Records from a dataset:
== == ==

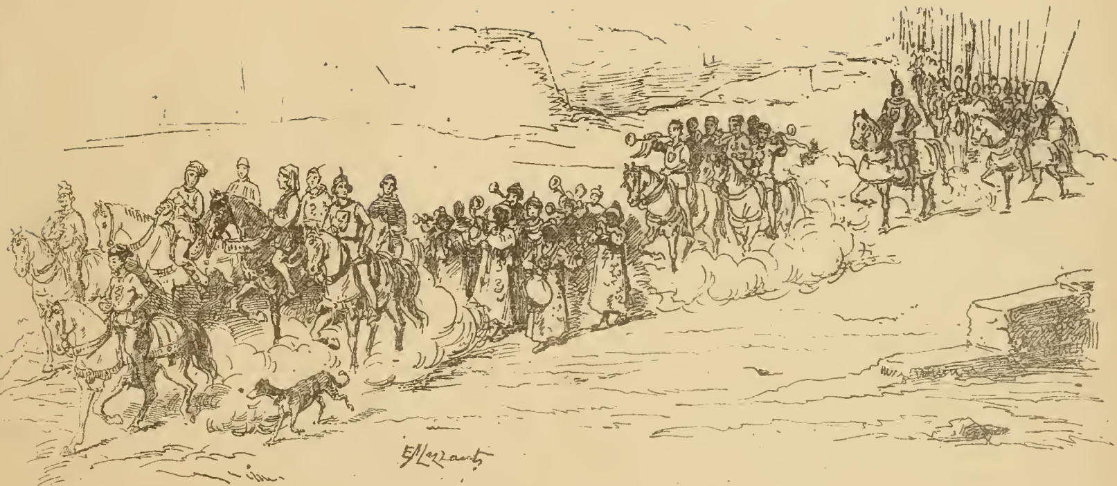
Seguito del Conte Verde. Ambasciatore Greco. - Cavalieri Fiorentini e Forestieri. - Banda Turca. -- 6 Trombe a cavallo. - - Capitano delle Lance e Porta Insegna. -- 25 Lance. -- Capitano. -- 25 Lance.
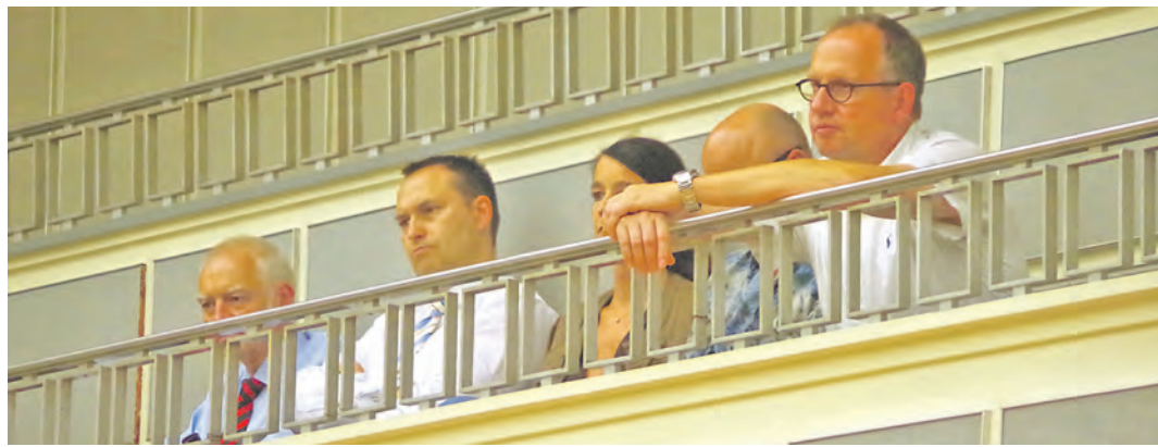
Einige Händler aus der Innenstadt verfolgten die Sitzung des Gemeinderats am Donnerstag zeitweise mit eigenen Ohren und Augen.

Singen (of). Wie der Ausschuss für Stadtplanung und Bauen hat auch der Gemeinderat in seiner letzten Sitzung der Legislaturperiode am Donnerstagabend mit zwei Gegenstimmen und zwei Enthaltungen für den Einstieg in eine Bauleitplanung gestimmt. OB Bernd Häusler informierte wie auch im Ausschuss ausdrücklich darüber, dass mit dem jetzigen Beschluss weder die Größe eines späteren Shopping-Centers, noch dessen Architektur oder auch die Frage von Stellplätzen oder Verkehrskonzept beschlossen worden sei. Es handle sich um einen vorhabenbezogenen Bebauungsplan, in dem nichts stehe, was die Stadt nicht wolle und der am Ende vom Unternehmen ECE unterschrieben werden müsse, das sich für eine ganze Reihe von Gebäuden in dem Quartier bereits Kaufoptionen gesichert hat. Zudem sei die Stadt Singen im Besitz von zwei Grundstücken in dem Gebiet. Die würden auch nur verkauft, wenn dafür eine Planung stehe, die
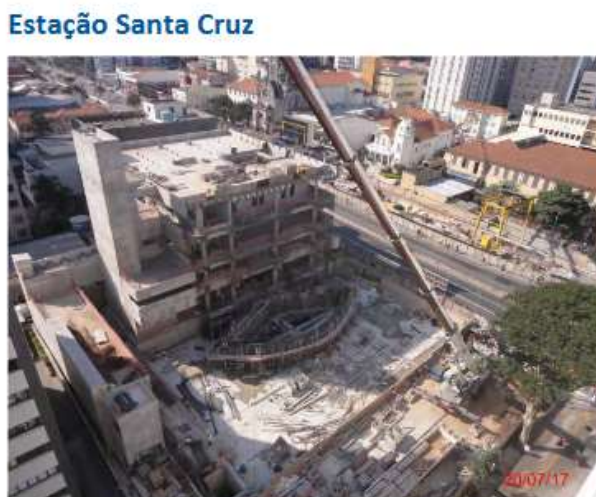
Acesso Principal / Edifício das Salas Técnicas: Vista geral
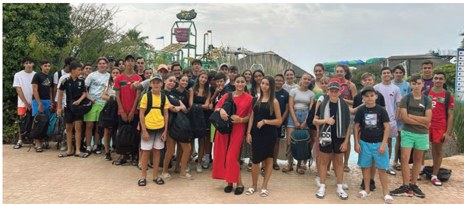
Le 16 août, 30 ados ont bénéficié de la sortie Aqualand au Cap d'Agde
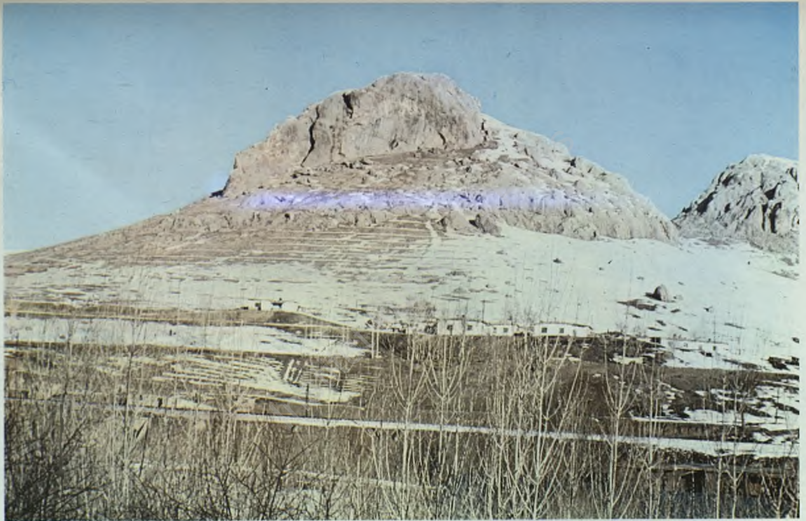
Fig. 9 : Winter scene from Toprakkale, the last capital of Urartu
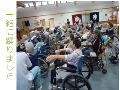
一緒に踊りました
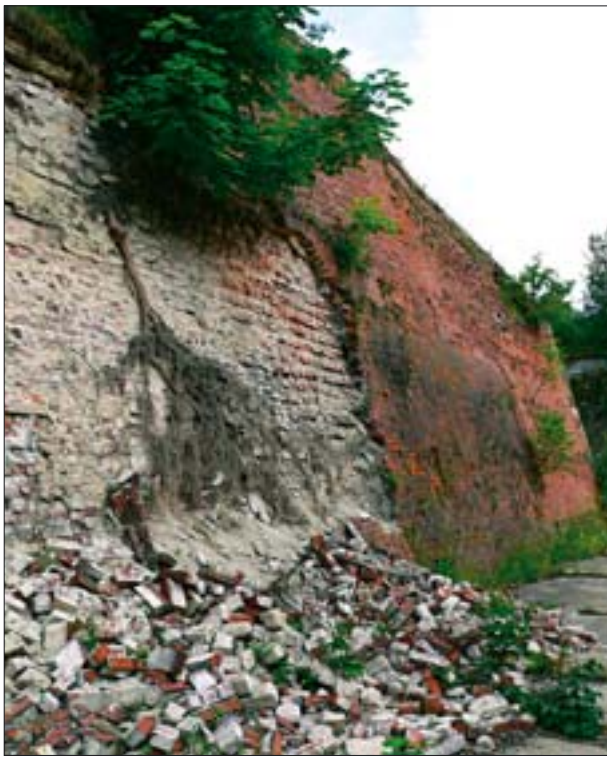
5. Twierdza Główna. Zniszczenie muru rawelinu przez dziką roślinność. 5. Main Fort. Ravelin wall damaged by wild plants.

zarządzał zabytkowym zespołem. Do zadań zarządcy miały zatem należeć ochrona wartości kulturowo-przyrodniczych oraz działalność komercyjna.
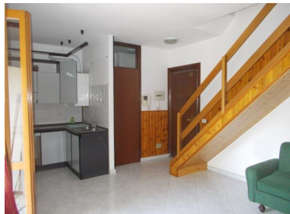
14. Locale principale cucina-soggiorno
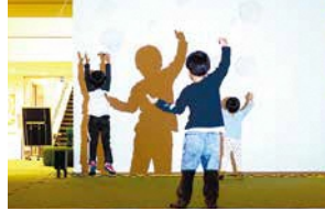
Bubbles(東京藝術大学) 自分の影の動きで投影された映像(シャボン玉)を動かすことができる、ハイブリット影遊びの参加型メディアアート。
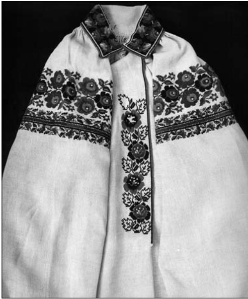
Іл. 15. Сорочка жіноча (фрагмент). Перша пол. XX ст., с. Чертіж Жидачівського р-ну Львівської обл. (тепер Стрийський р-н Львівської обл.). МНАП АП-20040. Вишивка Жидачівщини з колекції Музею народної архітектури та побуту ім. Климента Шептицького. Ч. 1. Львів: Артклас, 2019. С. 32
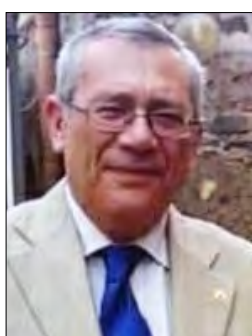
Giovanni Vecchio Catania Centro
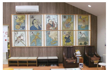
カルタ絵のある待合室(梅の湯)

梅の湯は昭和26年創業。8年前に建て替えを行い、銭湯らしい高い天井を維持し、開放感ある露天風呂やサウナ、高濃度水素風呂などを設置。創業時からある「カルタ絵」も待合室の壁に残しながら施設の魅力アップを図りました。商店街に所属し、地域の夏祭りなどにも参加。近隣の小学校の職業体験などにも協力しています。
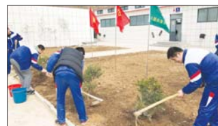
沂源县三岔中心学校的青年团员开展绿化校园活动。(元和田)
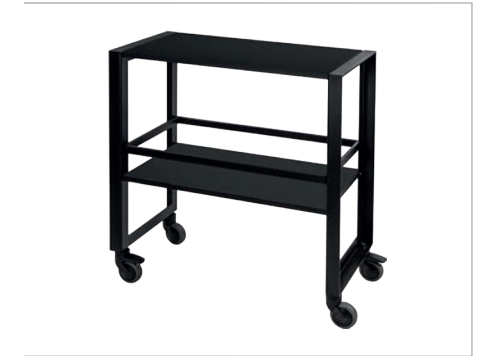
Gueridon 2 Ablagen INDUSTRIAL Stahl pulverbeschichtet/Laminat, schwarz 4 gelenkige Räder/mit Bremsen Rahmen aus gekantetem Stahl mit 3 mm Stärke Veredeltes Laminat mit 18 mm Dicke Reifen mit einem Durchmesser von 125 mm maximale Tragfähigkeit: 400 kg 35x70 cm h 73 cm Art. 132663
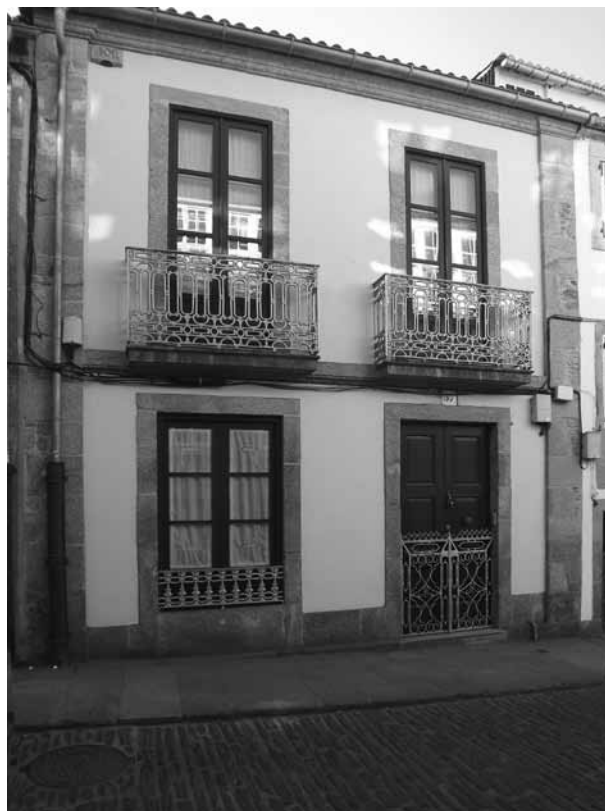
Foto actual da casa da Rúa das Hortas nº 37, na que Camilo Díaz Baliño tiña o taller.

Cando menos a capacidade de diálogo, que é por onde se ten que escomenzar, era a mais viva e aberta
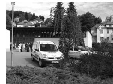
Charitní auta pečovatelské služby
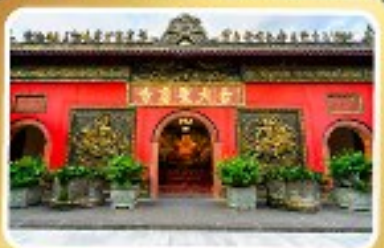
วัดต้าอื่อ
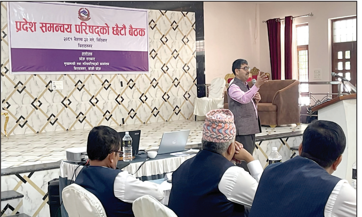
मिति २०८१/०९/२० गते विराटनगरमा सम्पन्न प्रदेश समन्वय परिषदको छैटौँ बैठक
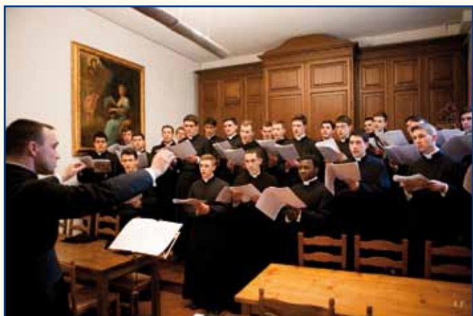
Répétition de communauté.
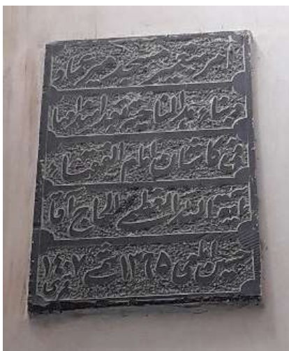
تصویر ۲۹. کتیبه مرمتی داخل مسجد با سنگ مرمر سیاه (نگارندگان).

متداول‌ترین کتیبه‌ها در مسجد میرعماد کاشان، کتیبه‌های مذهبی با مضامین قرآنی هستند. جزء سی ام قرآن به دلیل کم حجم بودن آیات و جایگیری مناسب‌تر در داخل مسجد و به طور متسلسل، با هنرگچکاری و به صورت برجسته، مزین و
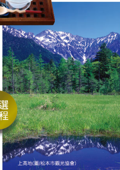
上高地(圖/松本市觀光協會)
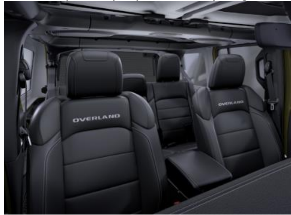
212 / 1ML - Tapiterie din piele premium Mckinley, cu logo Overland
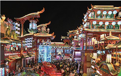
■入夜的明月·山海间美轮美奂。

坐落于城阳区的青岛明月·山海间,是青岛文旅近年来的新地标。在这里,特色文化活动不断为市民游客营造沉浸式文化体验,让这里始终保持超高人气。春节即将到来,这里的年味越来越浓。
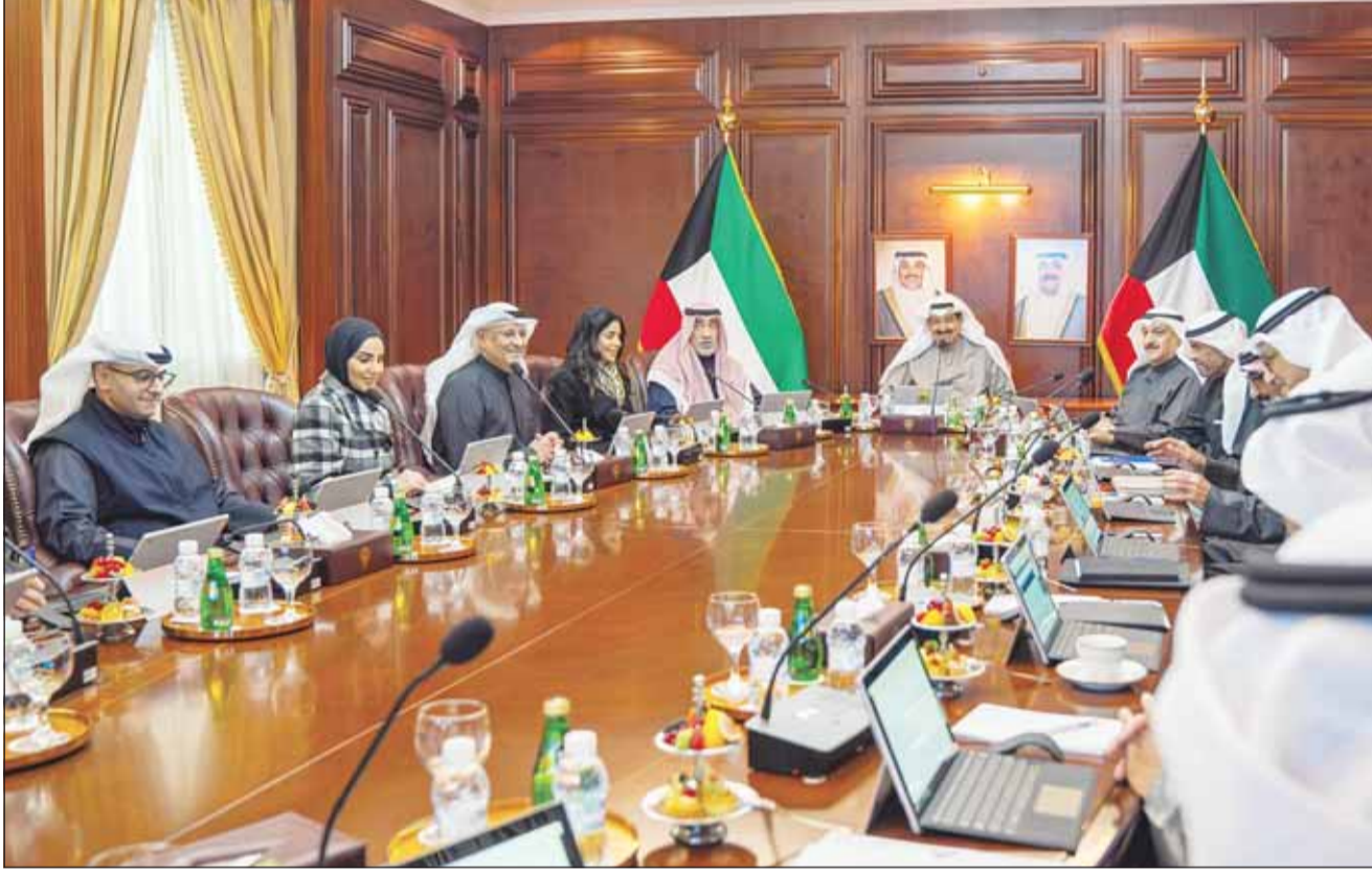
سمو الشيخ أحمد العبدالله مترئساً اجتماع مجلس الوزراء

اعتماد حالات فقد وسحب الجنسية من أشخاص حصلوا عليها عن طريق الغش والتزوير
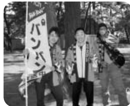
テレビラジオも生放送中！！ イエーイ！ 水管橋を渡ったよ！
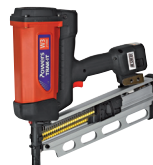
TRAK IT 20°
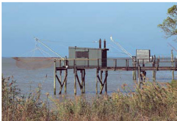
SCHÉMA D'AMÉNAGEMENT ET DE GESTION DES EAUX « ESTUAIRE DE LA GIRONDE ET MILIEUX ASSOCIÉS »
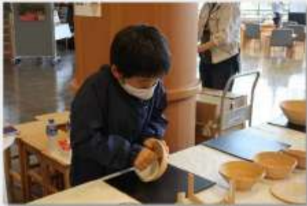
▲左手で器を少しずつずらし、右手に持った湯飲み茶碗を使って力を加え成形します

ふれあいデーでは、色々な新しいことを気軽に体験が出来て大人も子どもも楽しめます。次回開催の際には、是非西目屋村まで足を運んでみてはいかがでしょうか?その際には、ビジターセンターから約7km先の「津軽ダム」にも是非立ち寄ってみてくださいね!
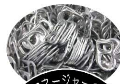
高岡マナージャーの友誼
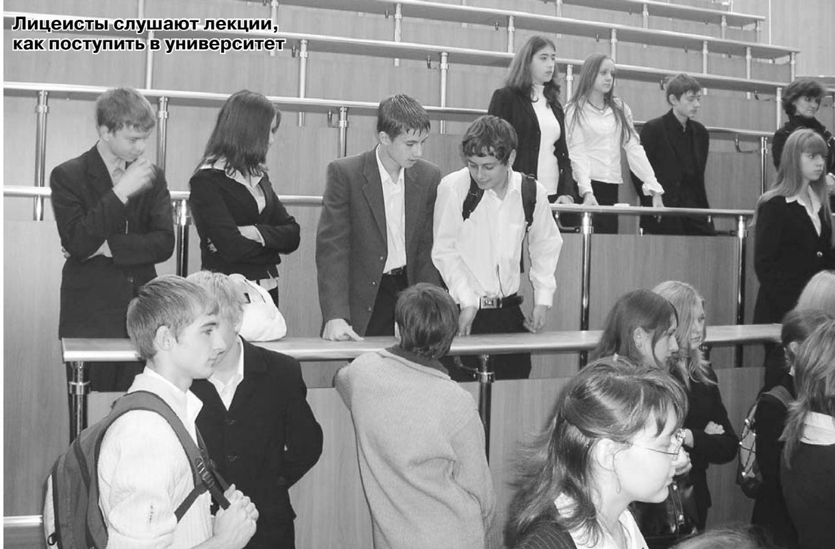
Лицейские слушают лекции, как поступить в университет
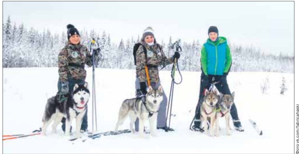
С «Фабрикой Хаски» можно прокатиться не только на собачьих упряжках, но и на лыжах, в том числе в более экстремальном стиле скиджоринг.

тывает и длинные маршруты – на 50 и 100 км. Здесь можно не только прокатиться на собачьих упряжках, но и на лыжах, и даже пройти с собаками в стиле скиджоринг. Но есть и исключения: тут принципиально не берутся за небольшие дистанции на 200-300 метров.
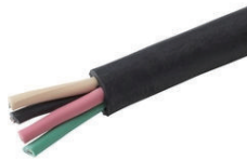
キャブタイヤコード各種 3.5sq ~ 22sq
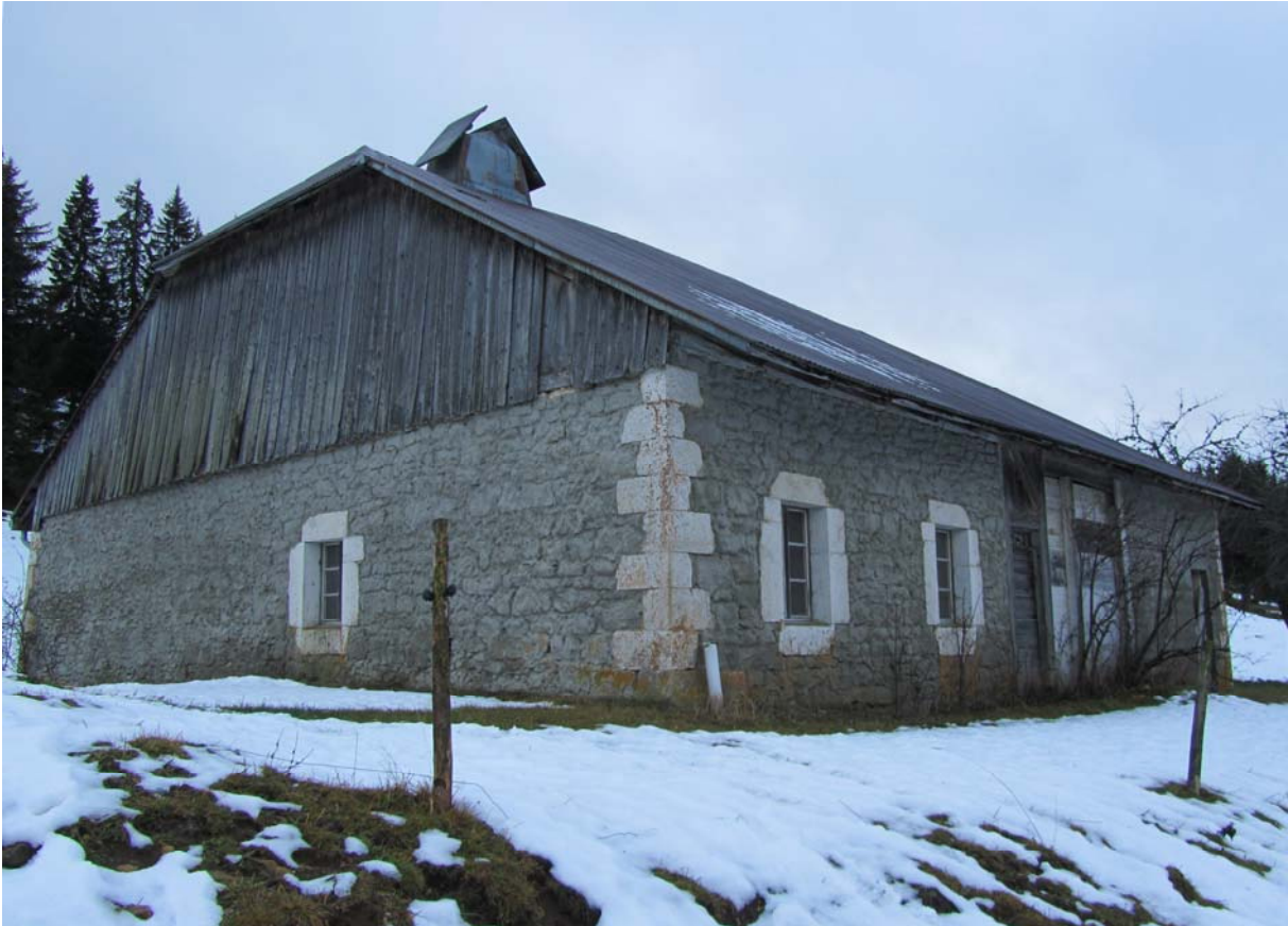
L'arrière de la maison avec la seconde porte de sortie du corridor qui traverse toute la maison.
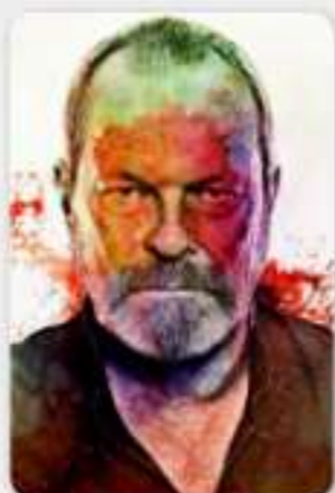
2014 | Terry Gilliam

== == ==

TASK PROMPT: When a line among the entries above contains "داخل", copy it.

EXPECTED ANSWER:
تصویر ۲۹. کتیبه مرمتی داخل مسجد با سنگ مرمر سیاه (نگارندگان).
متداول‌ترین کتیبه‌ها در مسجد میرعماد کاشان، کتیبه‌های مذهبی با مضامین قرآنی هستند. جزء سی ام قرآن به دلیل کم حجم بودن آیات و جایگیری مناسب‌تر در داخل مسجد و به طور متسلسل، با هنرگچکاری و به صورت برجسته، مزین و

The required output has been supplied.